The release does describe the benefits using numbers, but it does so in such a way that readers could be misled. The entire study only included 658 stroke patients. Half received a clot-busting drug at the hospital and half received it in the ambulance. And yet when presenting the benefits, the release presents them as a rate, saying that “three months after stroke, 182 out of every 1,000 patients treated before arriving at hospital were less disabled, including 58 patients who had zero disability, compared to people who received treatment after reaching the hospital.”
How a rate like this based on just 329 patients (half of the total cohort) was derived is never explained, and the description makes it sound like there were thousands of patients in the study.
The release does raise risks in a meaningful way. It says:
“But tPA is not indicated and could hurt a patient’s chances if they are having a hemorrhagic stroke, in which a blood vessel ruptures. That is why patients need a CT scan to confirm the type of stroke before receiving tPA.”
However, that statement could have gone further and noted that some patients with a negative CT scan may have a hemorrhage after getting tPA.

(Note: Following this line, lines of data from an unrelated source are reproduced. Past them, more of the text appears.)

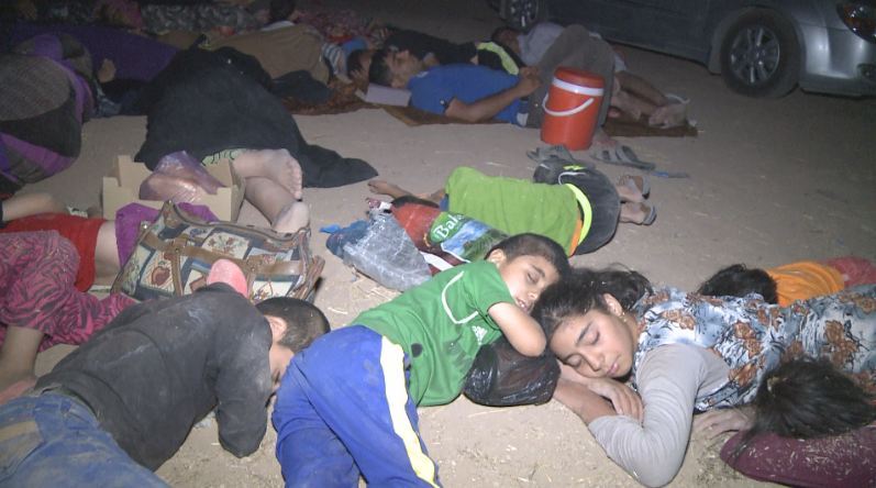 One father could no longer contain his frustration, entreating Rudaw to look at his family as they slept barefoot on the ground: “Look at the children! They are all hungry. Send us food! We have none, we are hungry and thirsty. We left our homes 20 days ago. We only hope to go somewhere safe.”
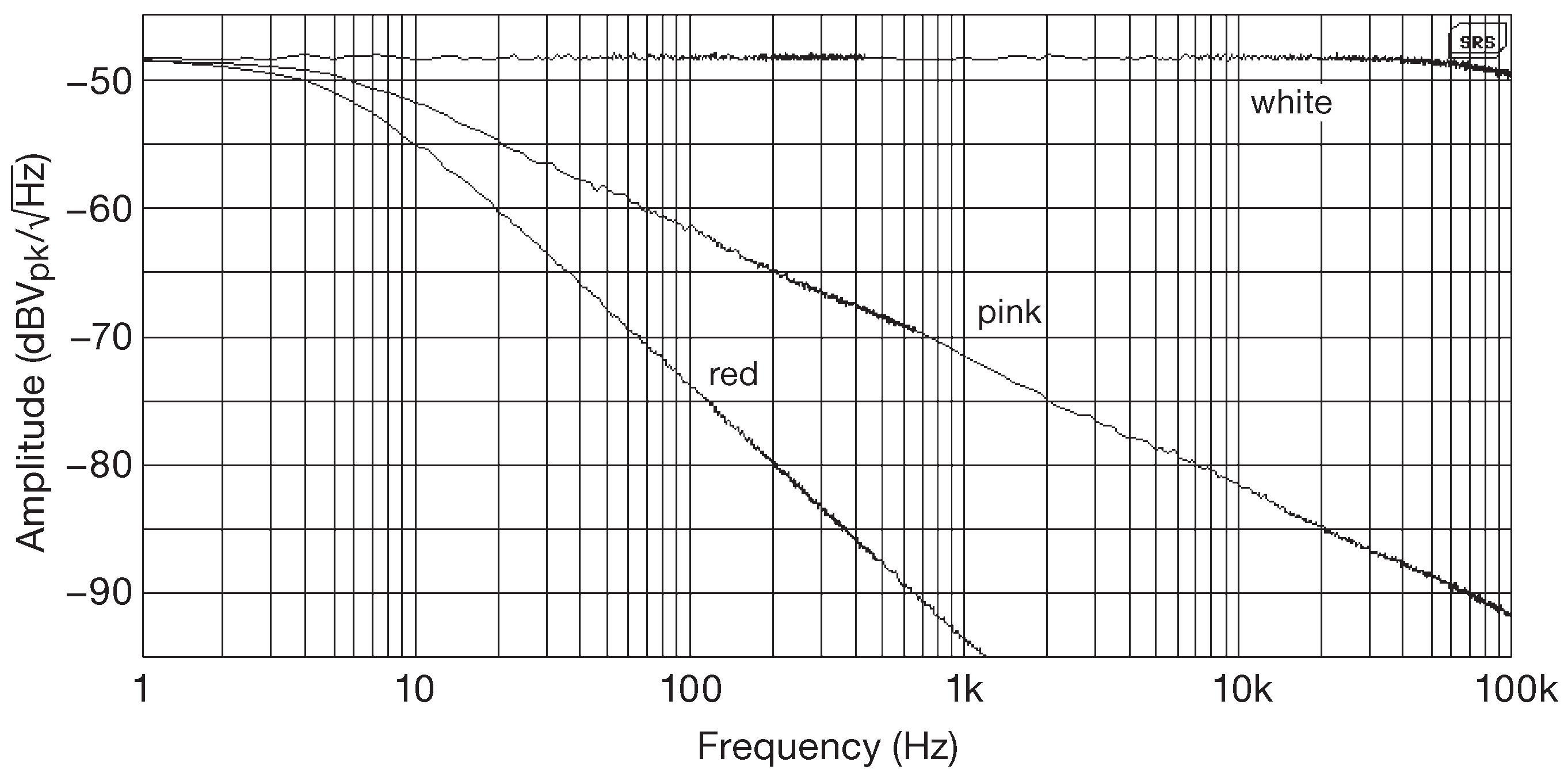 Некоторые универсальные источники шума могут создавать вдобавок к белому розовый шум. Такой шум имеет равную шумовую мощность в пересчёте на октаву, а не на герц, как белый. Плотность ( мощность на герц ) розового шума спадает со скоростью 3 dB/octave ( поэтому на слух он выглядит более ровным, нежели белый ) и часто используется для проверки звуковых систем. Обычной задачей является выравнивание АЧХ звуковых колонок, на которые подаётся сигнал с источника розового шума, а измерение проводится с помощью ручного анализатора спектра ( типа программного приложения «Smaart» ). RC фильтр имеет наклон характеристики 6 dB/octave , поэтому для превращения белого шума в розовый требуется более сложная схема. В следующем параграфе рассказывается, как это сделать.
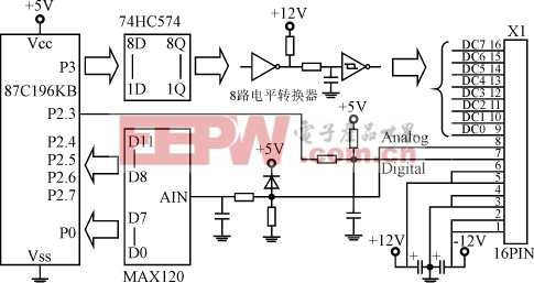 电池巡检的监控接口电路框图如图2所示,它也是测控总线的接口电路。把单片机87C196KB的P3口 用 锁 存 器 74HC574扩 展 成 测 控 总 线 驱 动 电 路 , 经 8路 电 平 转 换 器 转 换 后 , P3口 的 数 据 作 为 测 控 总 线 接 口 X1的 功 能 扩 展 控 制 信 号 ( DC0~ DC7) , 即 各 个 功 能 扩 展 板 的 公 共 控 制 信 号 。 各 个 功 能 扩 展 板 所 采 样 的 模 拟 量 ( Analog) 和 数 字 量 ( Digital) 分 别 接 到 X1的 8# 和 7# 引 脚 ( 作 为 公 共 数 据 输 入 通 道 ) , 模 拟 量 经 12位 高 速 A/D转 换 器 MAX120处 理 后 输 入 到 87C196KB的 P0和 P2口 , 数 字 量 输 入 到 87C196KB的 P2.3引 脚 。 针 对 电 池 巡 检 板 而 言 , 模 拟 量 是 分 时 输 入 的 每 节 电 池 电 压 信 号 , 数 字 量 是 分 时 输 入 的 每 节 电 池 极 性 信 号 , 其 它 功 能 扩 展 板 的 测 量 信 号 不 再 赘 述 。

The news release does a reasonable job explaining the basics of the study, though this description falls below some earlier language that has the potential to mislead. It says:
Researchers analyzed results from 658 stroke patients who were treated with tPA — a drug that dissolves blood clots. About half of the participants received the clot-busting drug at the hospital, and half received it while still in the ambulance.
It also notes that the findings were “presented at the American Stroke Association’s International Stroke Conference 2017.” What’s missing from this is the fact that the findings likely only received limited peer review, since they were not published in a journal.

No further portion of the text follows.